* **Problem to work on**:
Write out exactly the lines from the one with "A COLLECTION OF" through the last line of the data below, but not the pictures.

* **Data section**:
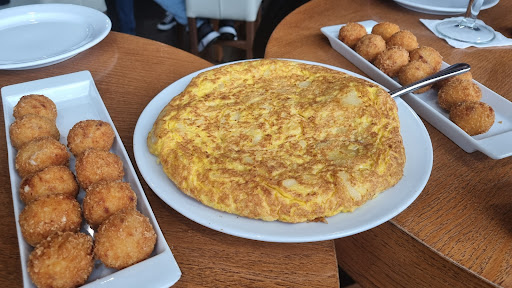 Read moreFui ayer a una cena de empresa y me parece un sitio pésimo. Estábamos tan apretados que para ir al baño se tenía que levantar toda la mesa, los camareros no te podían servir, pasaban los platos desde los extremos. La comida una bazofia y escasísima. Croquetas redondas de bechamel con sabor artificial a marisco (2 por cabeza), un plato cutre de embutido ramplón cada 4 personas (ponle que 4 lonchas por cabeza), gambones (2 ó 3 por cabeza), carrilleras de cerdo (lo más pasable pero ninguna maravilla) y de postre una tarta de queso de horno poco cocinada... Los vinos el blanco caliente e impotable y el tinto algo mejor pero cabezón cabezón. Ni trajeron cafés para todos, ni reponían pan... Una cutrería tremenda. Y todo esto por 28 eur/persona... Éramos 37 más el resto de cenas... Vamos que hacen el negocio estafando...
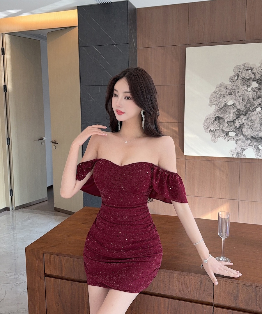 【2色】ミニドレス キャバドレス セクシー オフショルダー ディープネック ボディコン キラキラ クラブ JC2-DD4000
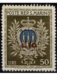 FRANCOBOLLO DA LIRE 50 DELLA SERIE STEMMI SOPRASTAMPATO IN ROSSO LIRE 10
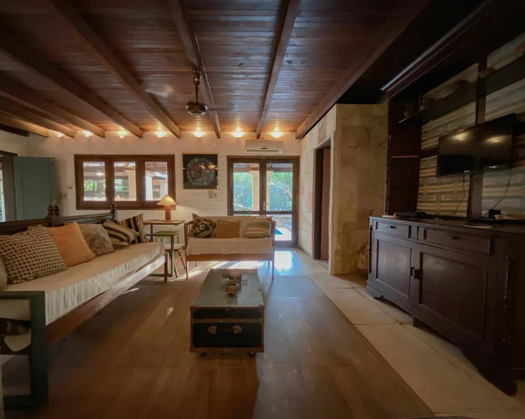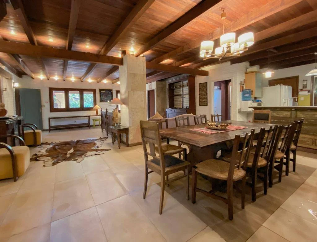 Quincho abierto con área de deck y piscina
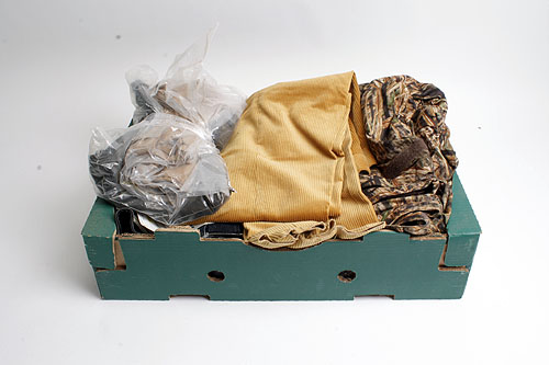 A COLLECTION OF SHOOTING RELATED CLOTHING, including corduroy trousers, camouflage clothing
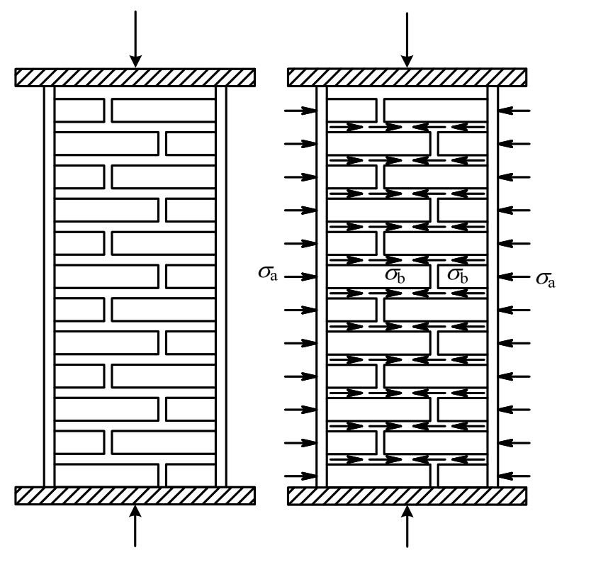 5)试件Z5的极限荷载、峰值压应变均为最高,说明HDC作为砌筑砂浆和加固面层对砖柱均产生了约束作用,使砖柱处于三向受压状态,大幅度提高了砖柱的轴压承载力和变形能力,显著改善了砖柱延性,约束应力如图5所示,图中σa为HDC面层产生的约束应力,σb为HDC作为砌筑砂浆产生的约束应力。
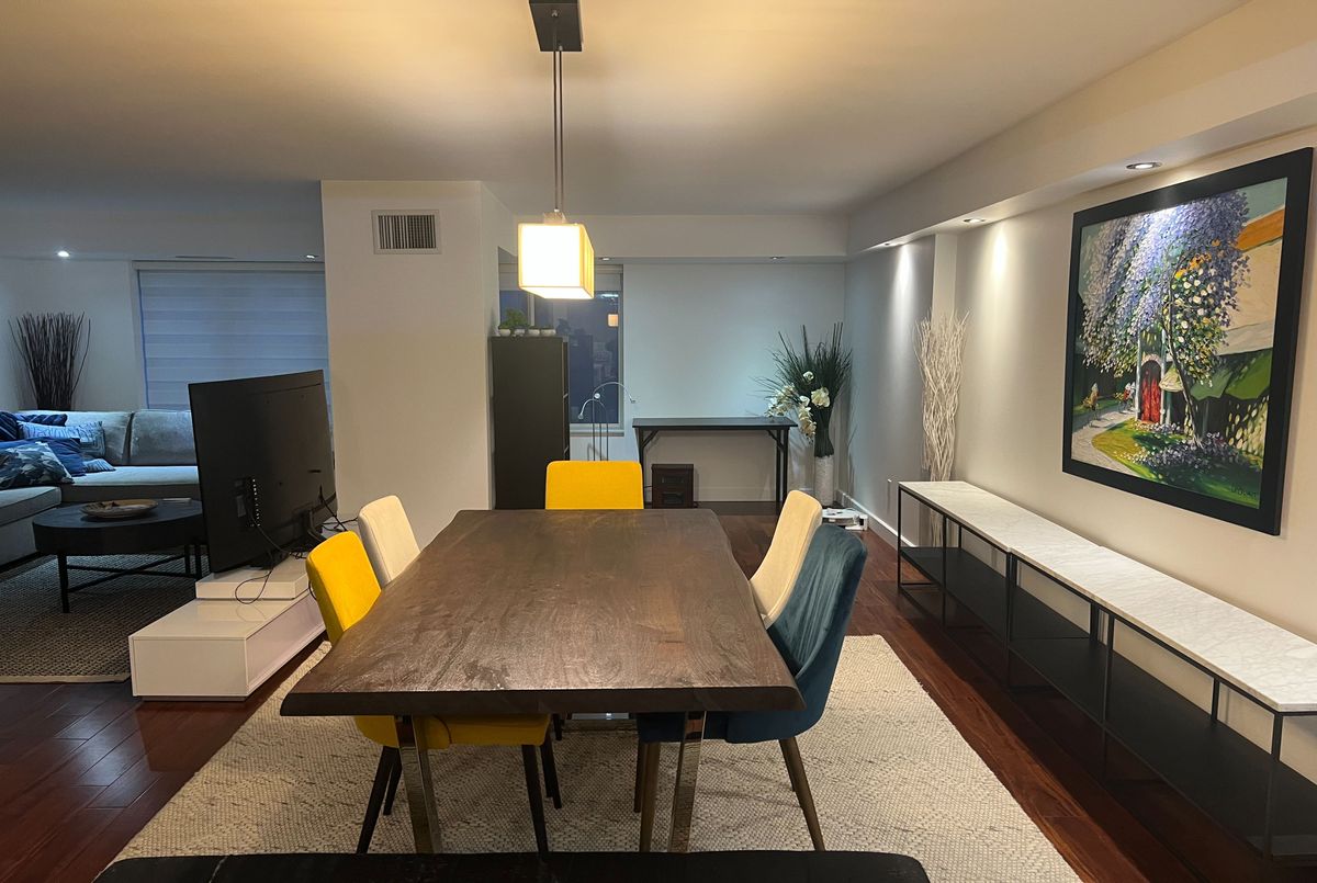 Welcome to Empire Plaza, where downtown living meets comfort and convenience in this amazing suite in great shape and great location*About 1500 S.F. suite W/bright and spacious living space & floor-to-ceiling windows with stunning city views, two washrooms, in-suite laundry, and individually controlled heating and cooling for year-round comfort*Very Cozy open-concept Living and Dining area*Open Concept very modern kitchen W/Stainless Steel Appliances, Centre Island & Ceramic Backsplash*The Large Primary Bedroom features Very Big Attached Closets and a Private 4 Piece ensuite, 2nd Bedroom W/Plenty of Closest Space*A Open Den/Study/Office W/Plenty of Natural Light*Residents enjoy access to 24-hour security, on-site management, a well-equipped fitness centre, a rooftop terrace with panoramic 360-degree city views, and a beautifully designed party room with a media centre, wet bar, and library. Rent includes Utilities, 1 Parking, and Building Insurance. Located at the corner of University and Wellington, steps from Union Station, the PATH, world-class restaurants, entertainment, and Toronto's financial and sports districts, this is the ideal place to call home in the heart of the city.

* **Expected answer**:
 A COLLECTION OF SHOOTING RELATED CLOTHING, including corduroy trousers, camouflage clothing
 5)试件Z5的极限荷载、峰值压应变均为最高,说明HDC作为砌筑砂浆和加固面层对砖柱均产生了约束作用,使砖柱处于三向受压状态,大幅度提高了砖柱的轴压承载力和变形能力,显著改善了砖柱延性,约束应力如图5所示,图中σa为HDC面层产生的约束应力,σb为HDC作为砌筑砂浆产生的约束应力。
 Welcome to Empire Plaza, where downtown living meets comfort and convenience in this amazing suite in great shape and great location*About 1500 S.F. suite W/bright and spacious living space & floor-to-ceiling windows with stunning city views, two washrooms, in-suite laundry, and individually controlled heating and cooling for year-round comfort*Very Cozy open-concept Living and Dining area*Open Concept very modern kitchen W/Stainless Steel Appliances, Centre Island & Ceramic Backsplash*The Large Primary Bedroom features Very Big Attached Closets and a Private 4 Piece ensuite, 2nd Bedroom W/Plenty of Closest Space*A Open Den/Study/Office W/Plenty of Natural Light*Residents enjoy access to 24-hour security, on-site management, a well-equipped fitness centre, a rooftop terrace with panoramic 360-degree city views, and a beautifully designed party room with a media centre, wet bar, and library. Rent includes Utilities, 1 Parking, and Building Insurance. Located at the corner of University and Wellington, steps from Union Station, the PATH, world-class restaurants, entertainment, and Toronto's financial and sports districts, this is the ideal place to call home in the heart of the city.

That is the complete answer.